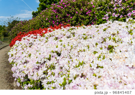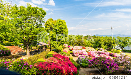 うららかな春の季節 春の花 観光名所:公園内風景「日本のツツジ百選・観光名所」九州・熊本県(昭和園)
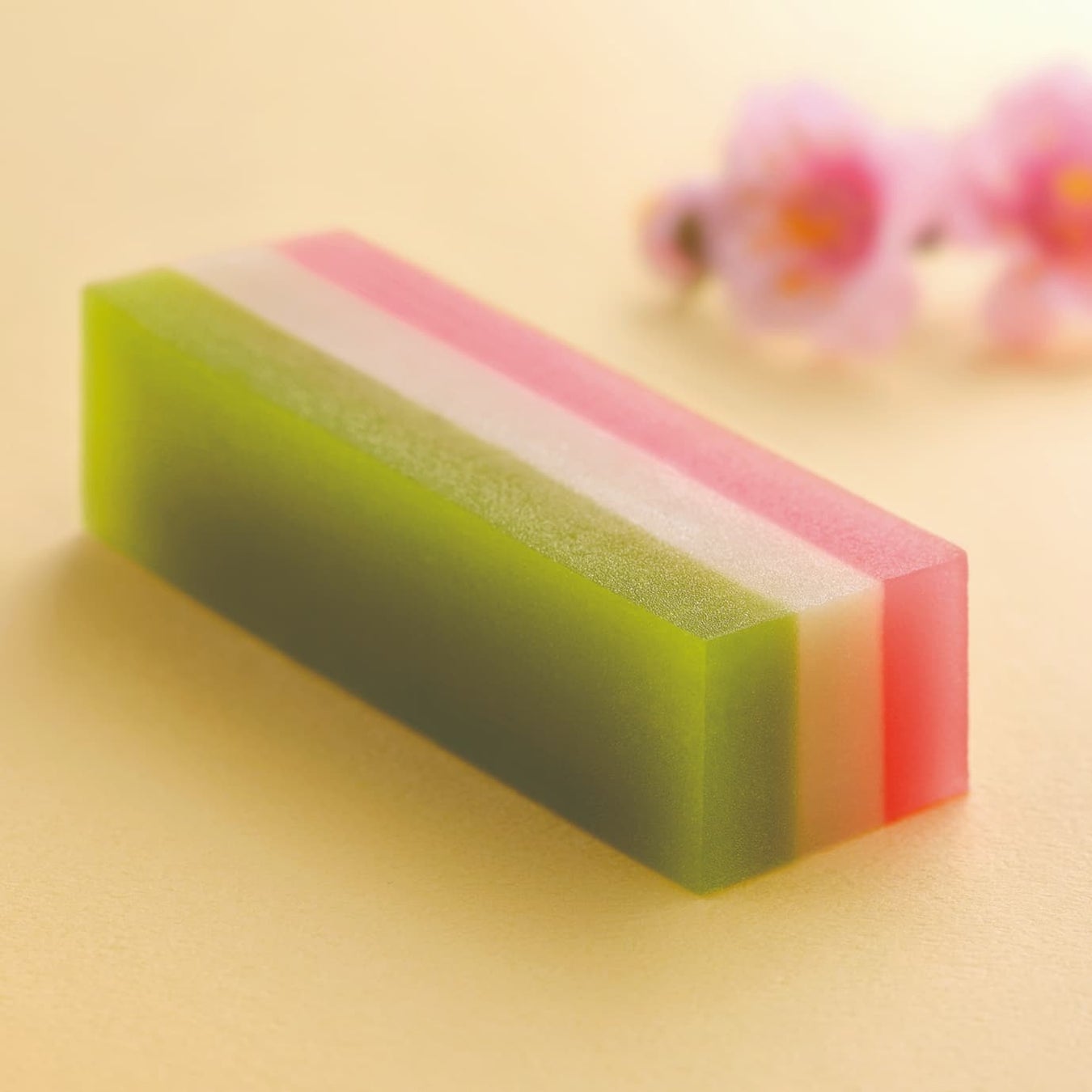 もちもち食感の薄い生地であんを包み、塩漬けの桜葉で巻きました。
• • • •
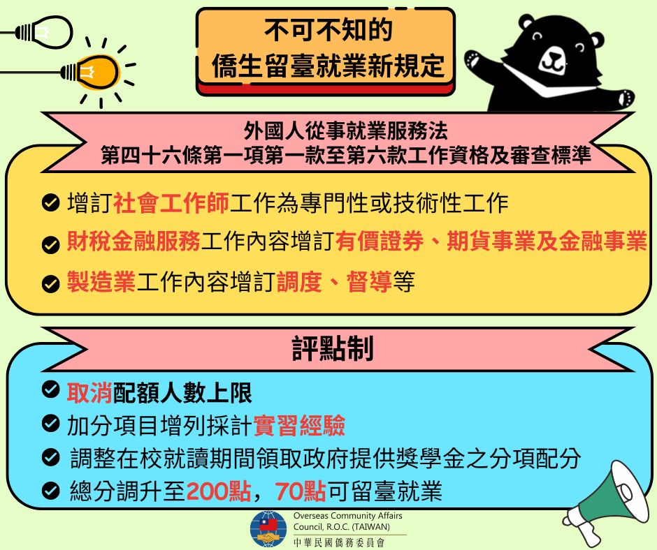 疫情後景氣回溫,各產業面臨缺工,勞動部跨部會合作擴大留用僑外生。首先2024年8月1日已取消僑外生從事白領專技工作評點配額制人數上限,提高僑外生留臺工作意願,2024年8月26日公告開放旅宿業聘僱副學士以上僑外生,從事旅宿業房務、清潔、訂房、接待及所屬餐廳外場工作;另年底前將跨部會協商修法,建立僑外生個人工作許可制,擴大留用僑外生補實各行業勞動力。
• • • •
=== Task brief ===
An exact copy is needed. It runs from the line above containing "うららかな春の季節 春の花 観光名所:公園内風景「日本のツツジ百選・観光名所」九州・熊本県(昭和園)" down to the line containing "もちもち食感の薄い生地であんを包み、塩漬けの桜葉で巻きました。", both included, with no pictures.

=== Written reply ===
 うららかな春の季節 春の花 観光名所:公園内風景「日本のツツジ百選・観光名所」九州・熊本県(昭和園)
 もちもち食感の薄い生地であんを包み、塩漬けの桜葉で巻きました。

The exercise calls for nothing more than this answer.